There are 3 best solutions below

2
On

The differences you see are likely due to the web server providing different content to different browsers based on the user agent string and other request headers.

Try setting the User-Agent header in your socket and HtmlUnit strategies to the one you are comparing against and see if the result is as expected. Moreover, you will likely have to replicate the request headers exactly as they are sent by your target browser.

1
On

What is "incorrect" about what is returned? Keep in mind, Bing is probably generating some of the content via JavaScript; your client will need to make additional requests to retrieve the JavaScript files, run the JavaScript, etc.

0
On

You can use a URL.openConnection() to create a URLConnection and call URLConnection.getInputStream(). You can read the InputStream contents and write it to a file.

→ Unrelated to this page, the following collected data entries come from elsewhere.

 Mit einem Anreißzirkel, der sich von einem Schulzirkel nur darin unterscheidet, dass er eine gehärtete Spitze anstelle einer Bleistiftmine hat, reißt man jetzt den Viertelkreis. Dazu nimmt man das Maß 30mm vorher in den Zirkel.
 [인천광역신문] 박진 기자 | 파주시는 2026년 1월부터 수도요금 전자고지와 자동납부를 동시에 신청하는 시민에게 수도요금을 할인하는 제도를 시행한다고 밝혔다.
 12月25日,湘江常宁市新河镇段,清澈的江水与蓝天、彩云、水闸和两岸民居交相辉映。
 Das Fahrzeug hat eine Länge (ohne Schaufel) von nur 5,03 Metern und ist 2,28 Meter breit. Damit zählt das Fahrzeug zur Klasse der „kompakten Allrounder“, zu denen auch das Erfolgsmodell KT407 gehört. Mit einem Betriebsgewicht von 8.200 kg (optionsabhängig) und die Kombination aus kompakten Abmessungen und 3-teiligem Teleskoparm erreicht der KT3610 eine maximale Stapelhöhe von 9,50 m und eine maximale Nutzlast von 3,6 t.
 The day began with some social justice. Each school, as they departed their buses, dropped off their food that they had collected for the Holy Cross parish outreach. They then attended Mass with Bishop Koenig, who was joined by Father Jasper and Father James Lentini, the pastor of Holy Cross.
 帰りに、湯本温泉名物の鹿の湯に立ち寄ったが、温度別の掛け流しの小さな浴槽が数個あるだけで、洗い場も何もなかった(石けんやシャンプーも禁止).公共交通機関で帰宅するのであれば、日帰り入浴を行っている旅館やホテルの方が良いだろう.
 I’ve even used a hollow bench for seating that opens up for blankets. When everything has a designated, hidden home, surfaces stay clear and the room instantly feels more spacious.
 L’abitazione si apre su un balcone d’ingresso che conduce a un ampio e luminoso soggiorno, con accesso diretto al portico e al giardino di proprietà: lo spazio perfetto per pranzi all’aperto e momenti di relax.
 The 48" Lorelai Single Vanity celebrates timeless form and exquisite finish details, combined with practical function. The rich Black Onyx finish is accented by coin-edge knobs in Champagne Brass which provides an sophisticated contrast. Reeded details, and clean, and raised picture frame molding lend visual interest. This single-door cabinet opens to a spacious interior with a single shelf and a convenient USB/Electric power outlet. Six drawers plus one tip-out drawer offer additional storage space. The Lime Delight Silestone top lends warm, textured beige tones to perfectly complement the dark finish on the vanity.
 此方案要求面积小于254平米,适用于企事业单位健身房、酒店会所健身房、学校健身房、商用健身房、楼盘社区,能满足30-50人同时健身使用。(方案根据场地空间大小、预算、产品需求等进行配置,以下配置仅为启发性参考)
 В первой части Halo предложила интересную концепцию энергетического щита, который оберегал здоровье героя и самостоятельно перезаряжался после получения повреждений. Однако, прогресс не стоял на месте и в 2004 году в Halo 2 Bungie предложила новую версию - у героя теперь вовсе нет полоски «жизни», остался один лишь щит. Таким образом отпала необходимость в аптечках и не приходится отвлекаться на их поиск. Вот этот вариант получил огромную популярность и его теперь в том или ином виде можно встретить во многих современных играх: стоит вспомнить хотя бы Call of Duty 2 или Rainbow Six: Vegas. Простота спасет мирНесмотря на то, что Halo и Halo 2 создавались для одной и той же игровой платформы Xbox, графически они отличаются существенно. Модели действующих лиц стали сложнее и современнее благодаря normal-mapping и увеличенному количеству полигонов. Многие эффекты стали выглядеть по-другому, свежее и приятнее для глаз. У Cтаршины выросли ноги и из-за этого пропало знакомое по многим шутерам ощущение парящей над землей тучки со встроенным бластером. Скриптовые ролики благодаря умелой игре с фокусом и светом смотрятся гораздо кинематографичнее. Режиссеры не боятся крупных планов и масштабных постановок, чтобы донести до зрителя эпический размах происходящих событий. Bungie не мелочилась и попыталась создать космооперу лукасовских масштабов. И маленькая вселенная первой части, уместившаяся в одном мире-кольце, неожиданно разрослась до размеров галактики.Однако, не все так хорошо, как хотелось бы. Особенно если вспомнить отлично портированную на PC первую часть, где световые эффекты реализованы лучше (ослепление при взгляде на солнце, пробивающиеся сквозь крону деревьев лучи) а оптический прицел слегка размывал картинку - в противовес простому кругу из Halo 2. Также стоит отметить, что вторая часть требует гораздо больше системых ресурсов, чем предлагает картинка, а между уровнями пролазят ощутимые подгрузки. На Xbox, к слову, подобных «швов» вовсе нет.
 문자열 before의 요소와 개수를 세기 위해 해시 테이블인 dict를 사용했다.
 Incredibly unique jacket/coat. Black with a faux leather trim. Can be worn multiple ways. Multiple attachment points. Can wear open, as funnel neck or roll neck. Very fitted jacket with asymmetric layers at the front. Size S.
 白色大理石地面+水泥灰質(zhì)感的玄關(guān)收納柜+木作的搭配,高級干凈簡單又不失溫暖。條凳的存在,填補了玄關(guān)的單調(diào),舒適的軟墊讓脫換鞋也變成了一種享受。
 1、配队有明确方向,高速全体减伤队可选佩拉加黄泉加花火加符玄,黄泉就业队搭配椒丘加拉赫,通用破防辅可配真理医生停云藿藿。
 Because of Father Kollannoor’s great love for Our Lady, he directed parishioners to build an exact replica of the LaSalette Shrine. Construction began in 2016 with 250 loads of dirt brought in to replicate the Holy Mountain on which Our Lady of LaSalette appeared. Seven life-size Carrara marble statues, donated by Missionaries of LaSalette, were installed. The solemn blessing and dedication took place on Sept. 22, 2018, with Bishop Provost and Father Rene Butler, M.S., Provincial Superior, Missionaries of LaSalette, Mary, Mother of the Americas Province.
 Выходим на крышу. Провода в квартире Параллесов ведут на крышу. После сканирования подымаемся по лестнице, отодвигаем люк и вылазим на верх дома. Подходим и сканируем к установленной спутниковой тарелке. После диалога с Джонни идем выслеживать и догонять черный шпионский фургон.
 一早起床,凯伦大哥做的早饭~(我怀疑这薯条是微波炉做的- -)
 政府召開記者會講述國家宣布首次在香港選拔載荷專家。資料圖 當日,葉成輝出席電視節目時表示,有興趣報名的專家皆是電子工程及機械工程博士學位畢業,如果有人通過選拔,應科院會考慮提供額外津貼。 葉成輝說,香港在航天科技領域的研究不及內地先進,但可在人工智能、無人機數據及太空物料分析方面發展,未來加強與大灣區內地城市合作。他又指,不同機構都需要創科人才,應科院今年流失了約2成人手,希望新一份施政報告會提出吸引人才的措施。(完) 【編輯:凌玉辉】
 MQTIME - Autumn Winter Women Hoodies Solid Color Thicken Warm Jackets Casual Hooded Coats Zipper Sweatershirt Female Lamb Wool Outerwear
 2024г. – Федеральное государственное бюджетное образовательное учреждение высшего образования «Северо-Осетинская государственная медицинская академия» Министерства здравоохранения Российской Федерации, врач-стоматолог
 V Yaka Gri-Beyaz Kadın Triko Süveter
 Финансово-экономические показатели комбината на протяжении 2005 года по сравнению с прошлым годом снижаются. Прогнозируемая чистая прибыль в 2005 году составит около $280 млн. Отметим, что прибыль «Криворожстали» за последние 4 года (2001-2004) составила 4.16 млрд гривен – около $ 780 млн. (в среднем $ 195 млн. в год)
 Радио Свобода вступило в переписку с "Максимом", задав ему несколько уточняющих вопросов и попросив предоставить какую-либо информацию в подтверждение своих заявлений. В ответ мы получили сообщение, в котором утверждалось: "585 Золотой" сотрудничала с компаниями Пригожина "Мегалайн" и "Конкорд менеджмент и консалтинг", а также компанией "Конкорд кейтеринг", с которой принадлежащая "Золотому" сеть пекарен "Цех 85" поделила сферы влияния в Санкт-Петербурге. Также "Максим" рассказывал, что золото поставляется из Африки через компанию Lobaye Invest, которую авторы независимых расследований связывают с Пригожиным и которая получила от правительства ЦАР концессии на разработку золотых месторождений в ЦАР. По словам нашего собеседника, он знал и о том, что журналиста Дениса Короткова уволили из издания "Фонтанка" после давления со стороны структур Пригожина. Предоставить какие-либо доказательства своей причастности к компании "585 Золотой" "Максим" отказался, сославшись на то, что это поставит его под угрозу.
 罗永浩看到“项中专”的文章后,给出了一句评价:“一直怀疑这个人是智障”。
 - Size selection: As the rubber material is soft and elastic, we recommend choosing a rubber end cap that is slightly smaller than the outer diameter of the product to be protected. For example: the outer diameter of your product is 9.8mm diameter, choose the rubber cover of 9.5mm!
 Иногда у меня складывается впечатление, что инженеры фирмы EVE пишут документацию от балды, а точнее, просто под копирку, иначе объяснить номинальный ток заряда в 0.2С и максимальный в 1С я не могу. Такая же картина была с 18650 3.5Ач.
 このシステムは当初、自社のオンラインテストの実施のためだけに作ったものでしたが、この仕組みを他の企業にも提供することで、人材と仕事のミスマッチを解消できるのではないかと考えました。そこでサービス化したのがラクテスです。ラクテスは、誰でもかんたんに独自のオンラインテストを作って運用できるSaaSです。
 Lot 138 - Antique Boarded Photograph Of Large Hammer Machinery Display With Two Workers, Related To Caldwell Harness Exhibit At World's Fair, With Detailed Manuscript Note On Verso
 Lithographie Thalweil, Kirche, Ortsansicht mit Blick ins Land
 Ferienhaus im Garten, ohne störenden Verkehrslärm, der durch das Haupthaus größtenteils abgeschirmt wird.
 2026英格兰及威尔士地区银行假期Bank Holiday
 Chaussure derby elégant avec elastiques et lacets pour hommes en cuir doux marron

If you need to override the User-Agent because the server is using it to serve different content you can do so by first setting the http.agent system property to empty string.

/* Somewhere in your code before you make requests */
System.setProperty("http.agent", ""); 

or using -Dhttp.agent= on your java command line

and then setting the User-Agent to something useful on the connection before you get the InputStream.

URLConnection conn = ... //Create your URL connection as described above.
String userAgent = ... //Some user-agent string here.
conn.setRequestProperty("User-Agent", userAgent);